■ Exercise prompt ■
Reproduce the records below in full and word for word, excluding pictures.

- - - - - - -

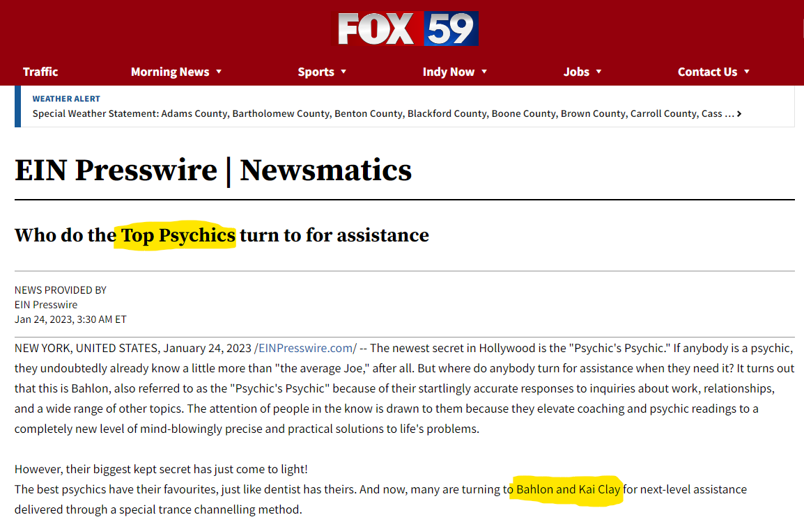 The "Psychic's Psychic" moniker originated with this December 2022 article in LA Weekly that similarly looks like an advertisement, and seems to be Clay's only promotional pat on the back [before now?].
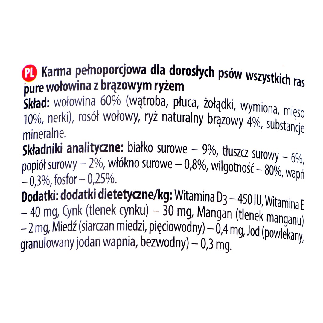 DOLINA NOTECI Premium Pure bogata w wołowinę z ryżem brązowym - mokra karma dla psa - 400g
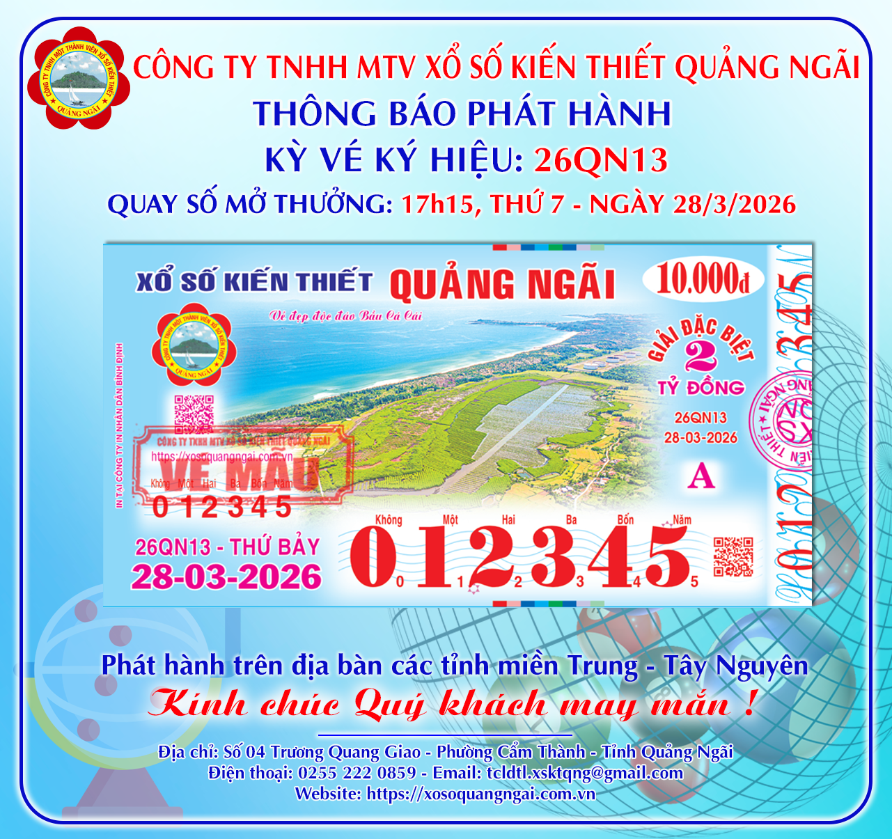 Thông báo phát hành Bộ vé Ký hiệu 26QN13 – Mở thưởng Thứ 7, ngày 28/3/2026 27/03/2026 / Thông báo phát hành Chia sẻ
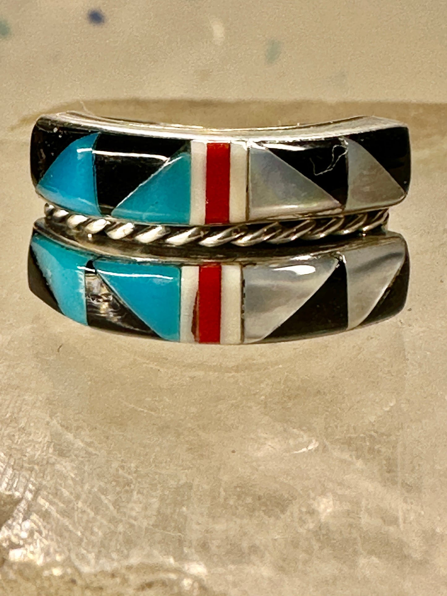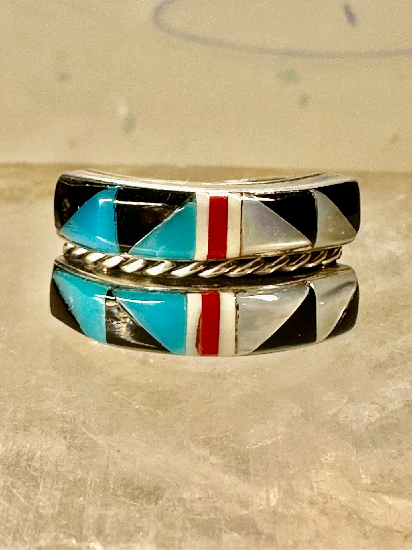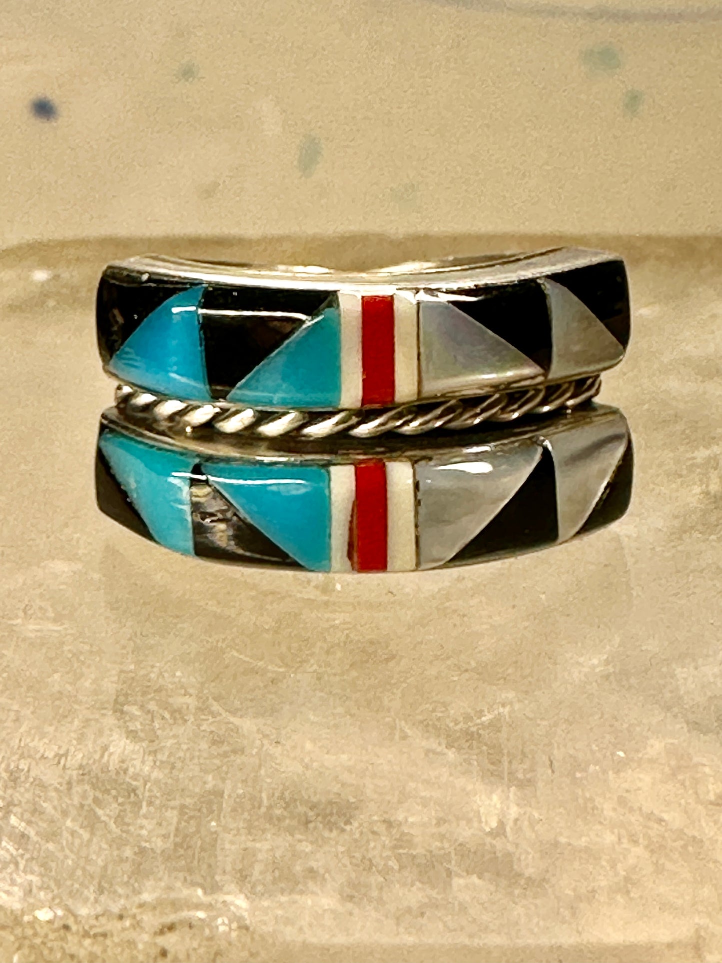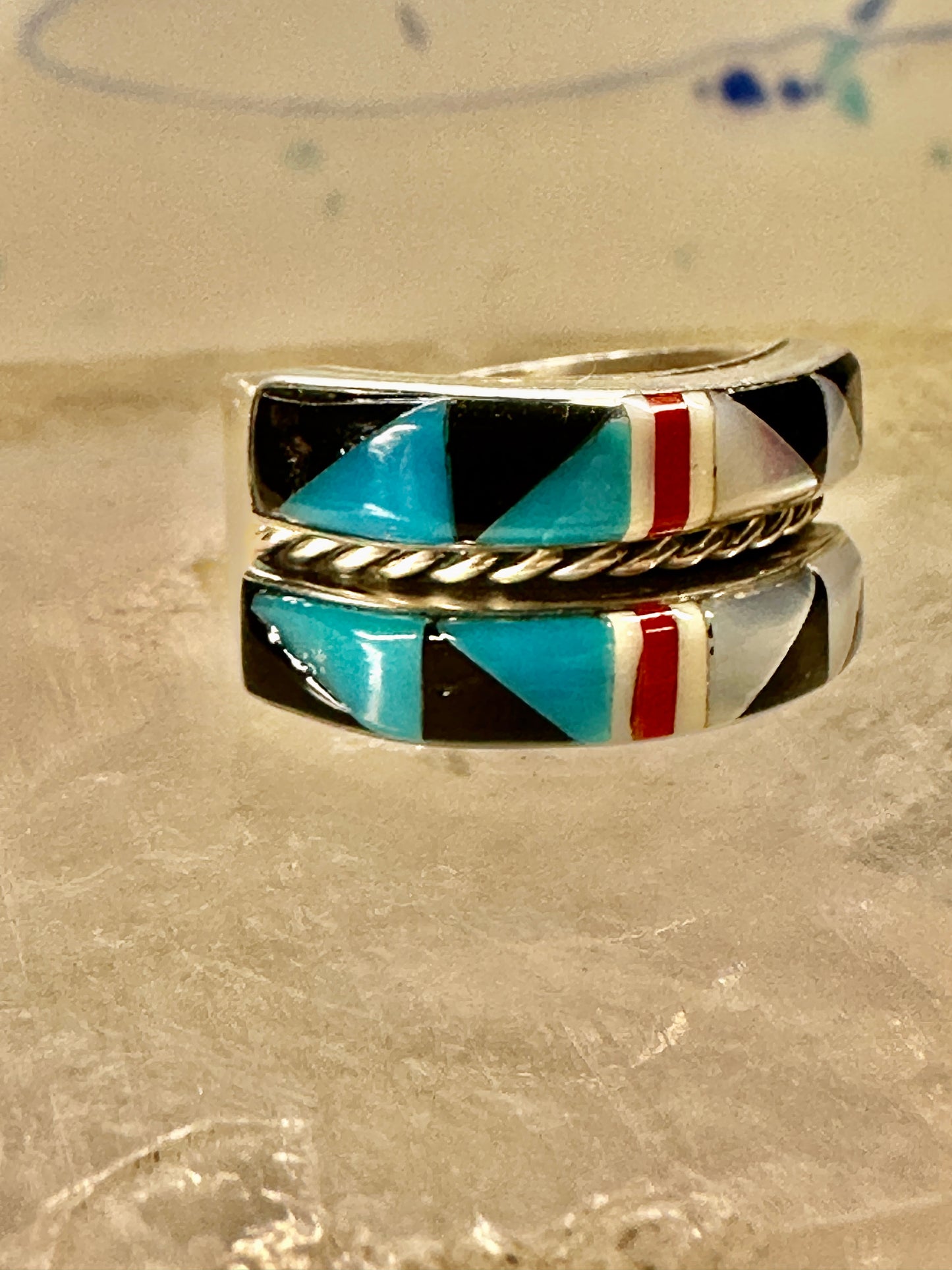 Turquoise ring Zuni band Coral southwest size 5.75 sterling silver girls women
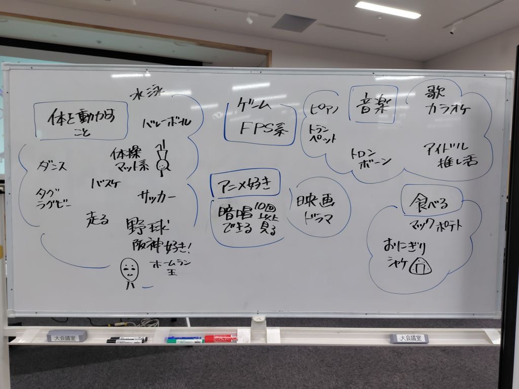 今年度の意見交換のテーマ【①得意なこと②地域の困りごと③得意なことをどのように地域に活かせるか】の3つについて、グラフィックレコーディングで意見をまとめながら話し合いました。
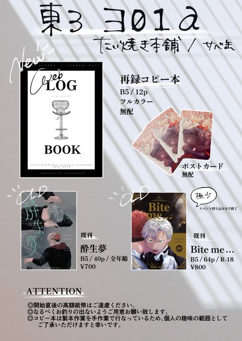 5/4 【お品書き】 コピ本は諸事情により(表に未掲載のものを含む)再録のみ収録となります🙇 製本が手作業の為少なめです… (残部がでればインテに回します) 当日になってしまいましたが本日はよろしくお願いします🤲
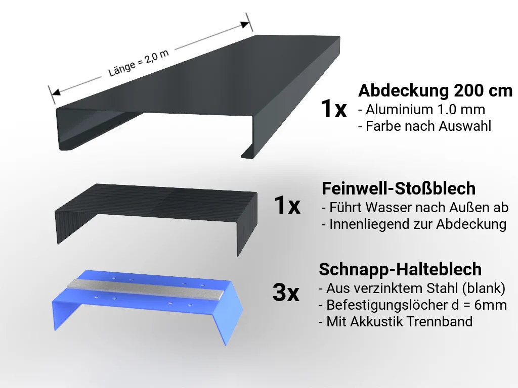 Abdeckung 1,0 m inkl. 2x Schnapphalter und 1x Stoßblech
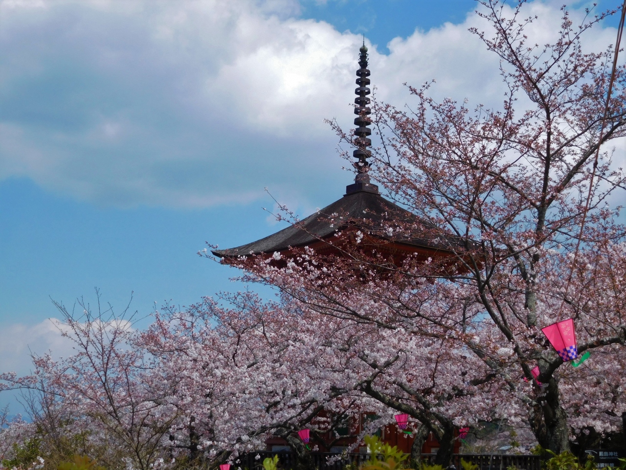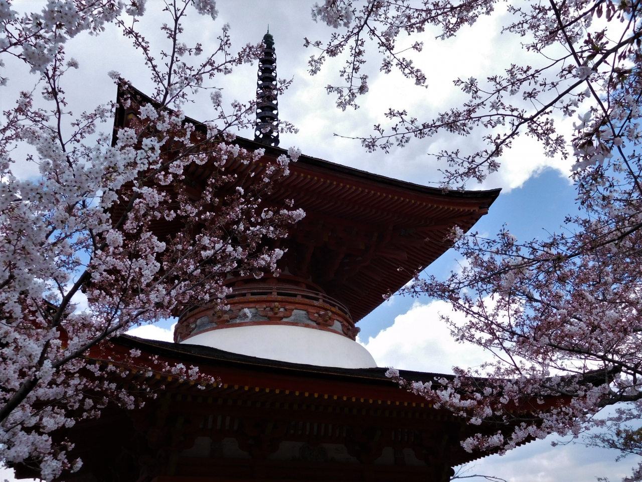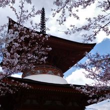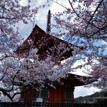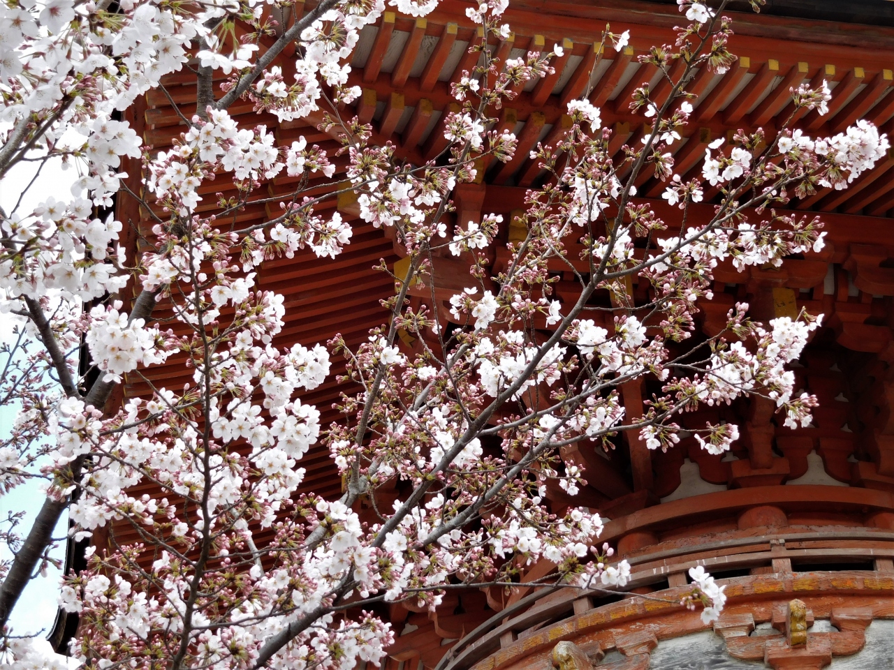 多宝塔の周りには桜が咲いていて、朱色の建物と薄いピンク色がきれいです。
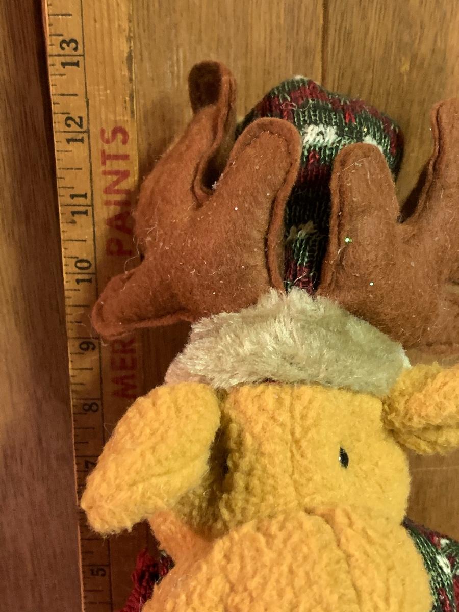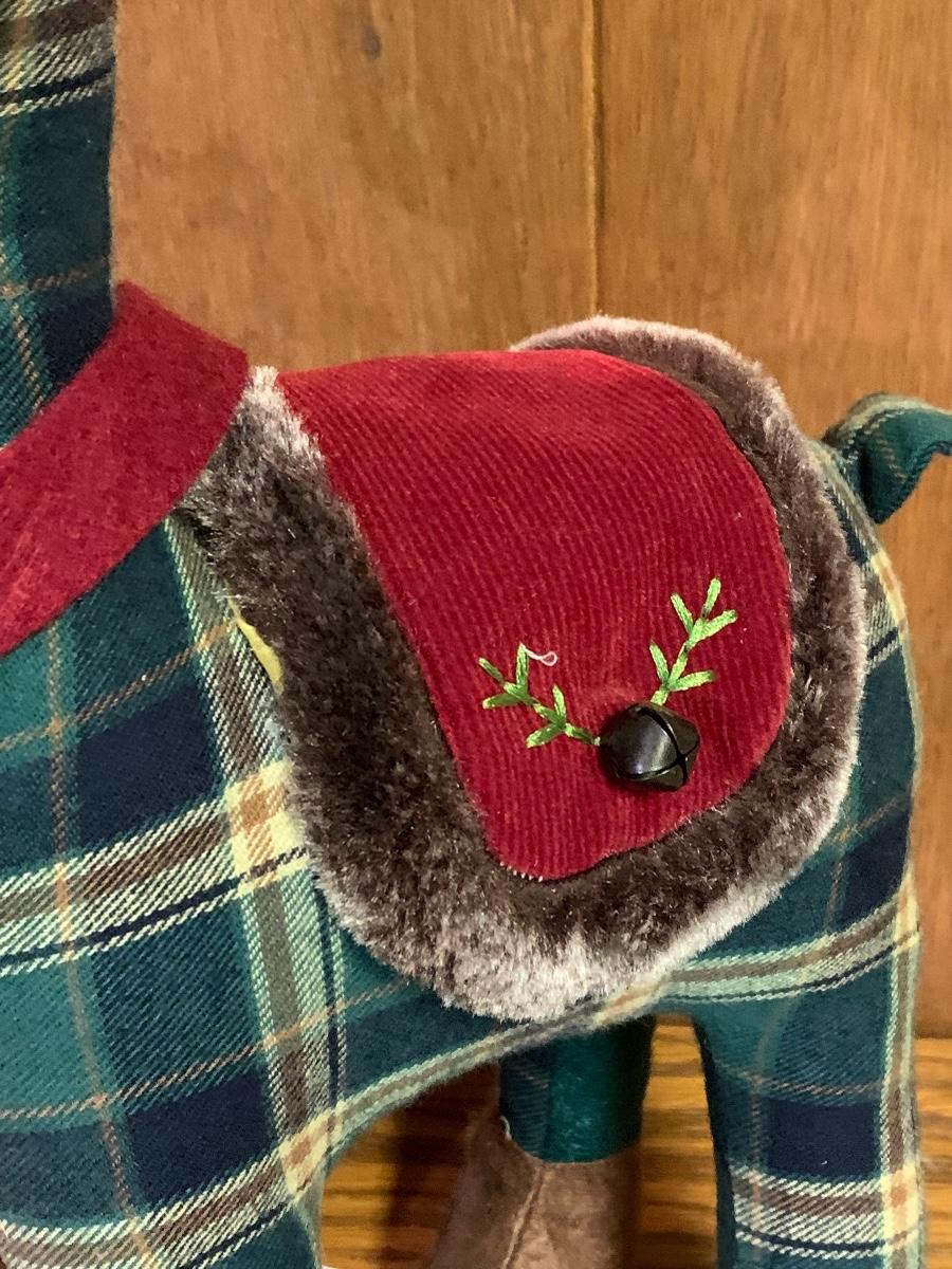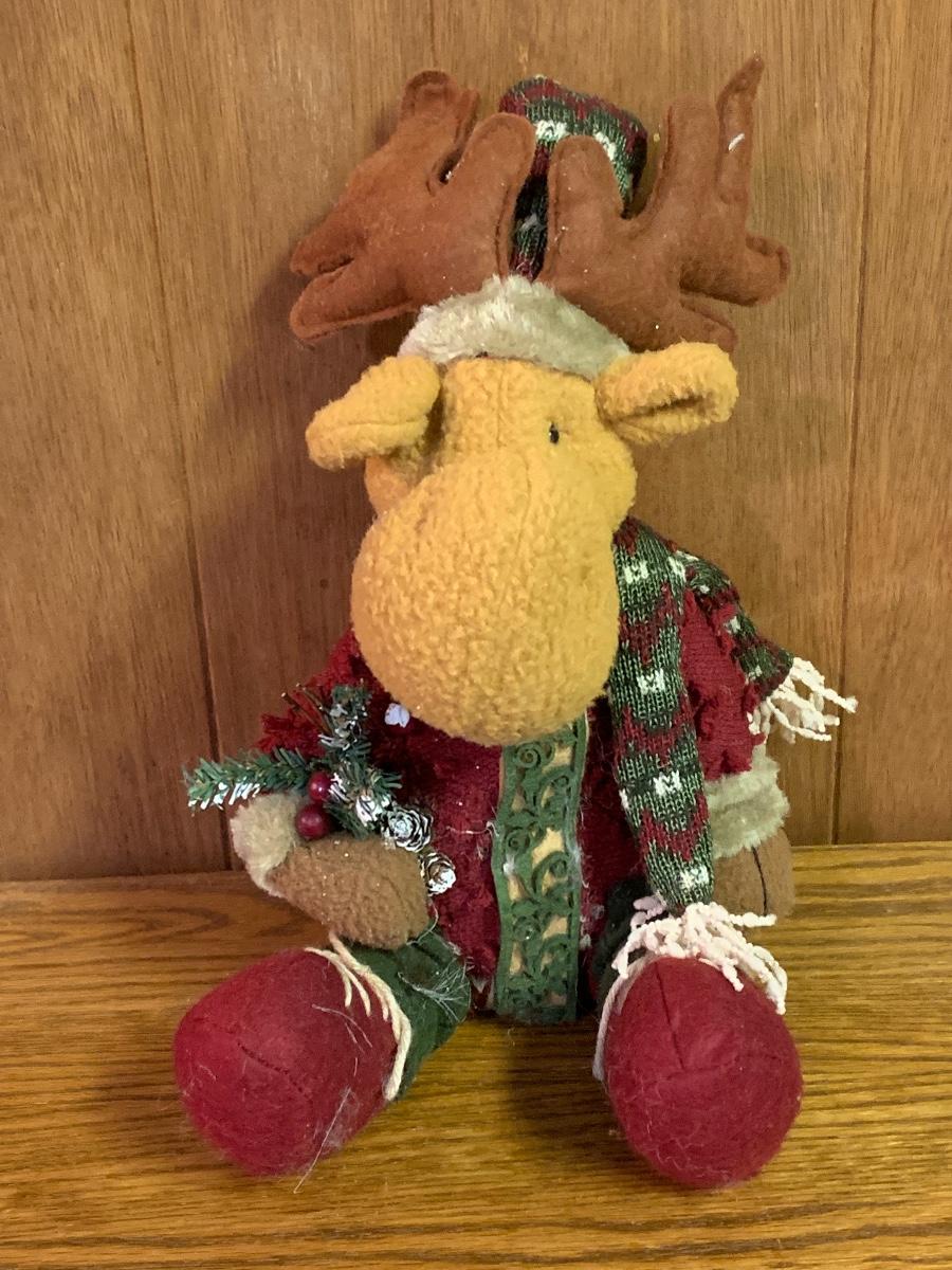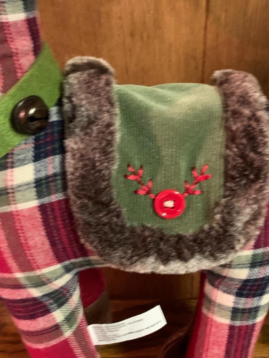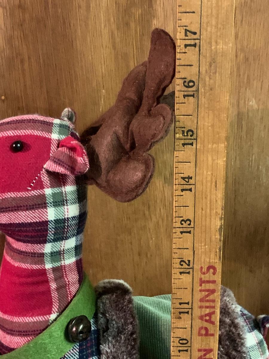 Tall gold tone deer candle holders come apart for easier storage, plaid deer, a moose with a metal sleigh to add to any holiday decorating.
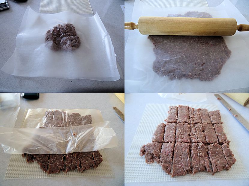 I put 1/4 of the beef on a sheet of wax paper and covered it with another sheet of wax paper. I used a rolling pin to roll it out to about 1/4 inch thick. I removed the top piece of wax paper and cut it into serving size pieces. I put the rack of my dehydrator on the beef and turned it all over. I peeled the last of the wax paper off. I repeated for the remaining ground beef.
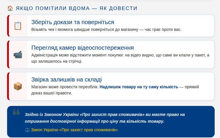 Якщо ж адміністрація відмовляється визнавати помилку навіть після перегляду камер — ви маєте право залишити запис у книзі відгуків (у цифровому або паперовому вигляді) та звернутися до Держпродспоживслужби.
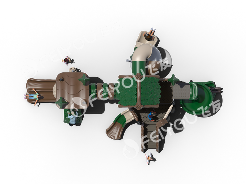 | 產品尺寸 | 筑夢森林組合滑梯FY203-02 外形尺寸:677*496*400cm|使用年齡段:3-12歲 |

- - - - - - -

■ Solution to this task ■
 The "Psychic's Psychic" moniker originated with this December 2022 article in LA Weekly that similarly looks like an advertisement, and seems to be Clay's only promotional pat on the back [before now?].
 DOLINA NOTECI Premium Pure bogata w wołowinę z ryżem brązowym - mokra karma dla psa - 400g
 Thông báo phát hành Bộ vé Ký hiệu 26QN13 – Mở thưởng Thứ 7, ngày 28/3/2026 27/03/2026 / Thông báo phát hành Chia sẻ
 Turquoise ring Zuni band Coral southwest size 5.75 sterling silver girls women
 今年度の意見交換のテーマ【①得意なこと②地域の困りごと③得意なことをどのように地域に活かせるか】の3つについて、グラフィックレコーディングで意見をまとめながら話し合いました。
 5/4 【お品書き】 コピ本は諸事情により(表に未掲載のものを含む)再録のみ収録となります🙇 製本が手作業の為少なめです… (残部がでればインテに回します) 当日になってしまいましたが本日はよろしくお願いします🤲
 Abdeckung 1,0 m inkl. 2x Schnapphalter und 1x Stoßblech
 多宝塔の周りには桜が咲いていて、朱色の建物と薄いピンク色がきれいです。
 Tall gold tone deer candle holders come apart for easier storage, plaid deer, a moose with a metal sleigh to add to any holiday decorating.
 I put 1/4 of the beef on a sheet of wax paper and covered it with another sheet of wax paper. I used a rolling pin to roll it out to about 1/4 inch thick. I removed the top piece of wax paper and cut it into serving size pieces. I put the rack of my dehydrator on the beef and turned it all over. I peeled the last of the wax paper off. I repeated for the remaining ground beef.
 Якщо ж адміністрація відмовляється визнавати помилку навіть після перегляду камер — ви маєте право залишити запис у книзі відгуків (у цифровому або паперовому вигляді) та звернутися до Держпродспоживслужби.
 | 產品尺寸 | 筑夢森林組合滑梯FY203-02 外形尺寸:677*496*400cm|使用年齡段:3-12歲 |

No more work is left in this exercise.